The documents stored by DNSA are PDF files comprised of scanned images of the original print. Therefore, the text needs to be digitized, for this open-source software is used to do OCR. Due to the limitations of OCR technology, the quality of the original files and because some parts are redacted, the initial output of the software needs to be verified and improved. This was done manually to avoid losing important information.

For the identification of the location within the text, a Python library called Mordecai was used. This module requires using a docker container and an index created based on the Geonames.org gazetteer. The library is well documented, and it needs a good amount of modification to be able to run locally. Other alternatives were considered; however, Python allows for better adaptation of the library to the project needs.

After obtaining the locations, words related to killing, kidnapping and drugs were counted by location and document, allowing to see how certain territories are mentioned around these topics. Any other crime related word such as violence, assaults or stealing are on the “other” category.
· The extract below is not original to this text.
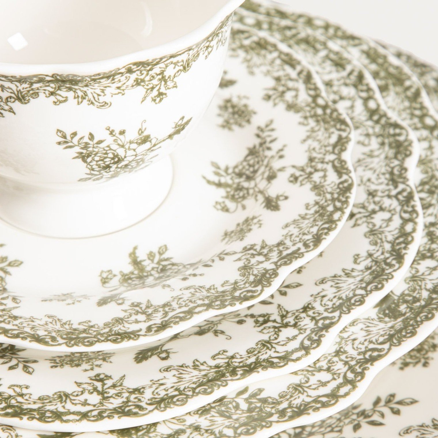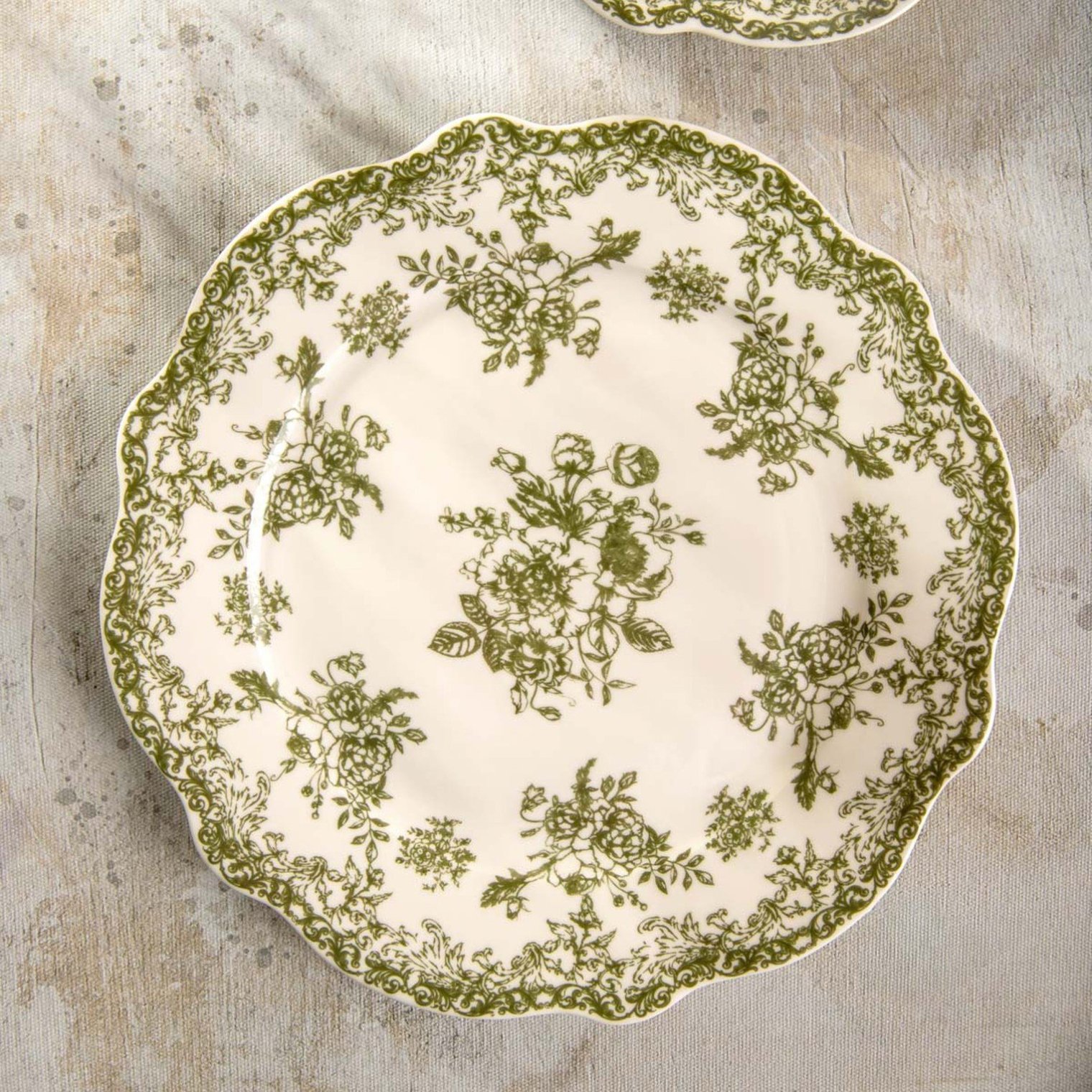 Тарелка LOURRY прекрасно сочетается с другими элементами коллекции, создавая гармоничную и эффектную сервировку стола. Зеленый цветочный узор добавляет свежести и легкости, делая ее подходящей как для классических, так и для современных интерьеров. Она идеально подходит для встреч с семьей и друзьями.

The dataset is comprised of 185 rows and 59 columns. Each observation is a unique combination of locaiton and document name. The other columns includes coordinates, date of the document, word counting, country ISO code, among others.

This were joined and summarized by country and by colombian deparment using QGIS. With this two choroplets maps were created and two time sequences.

Limitations

It is likely that these are not all the documents issued by the U.S. Embassy on 1999, wich makes difficult obtain a complete image of the country interests. Nevertheless it is stills a valuable historic source.

The quality of the images, limitaitons on COR tehcnology and geolocalization also have to be considered.

Non-official locations, such as those named by locals only, might not be detected becase are not included on the Geonames Gazeteer.

Some locations can get linked to unrelated events (words) becuase of the methods used.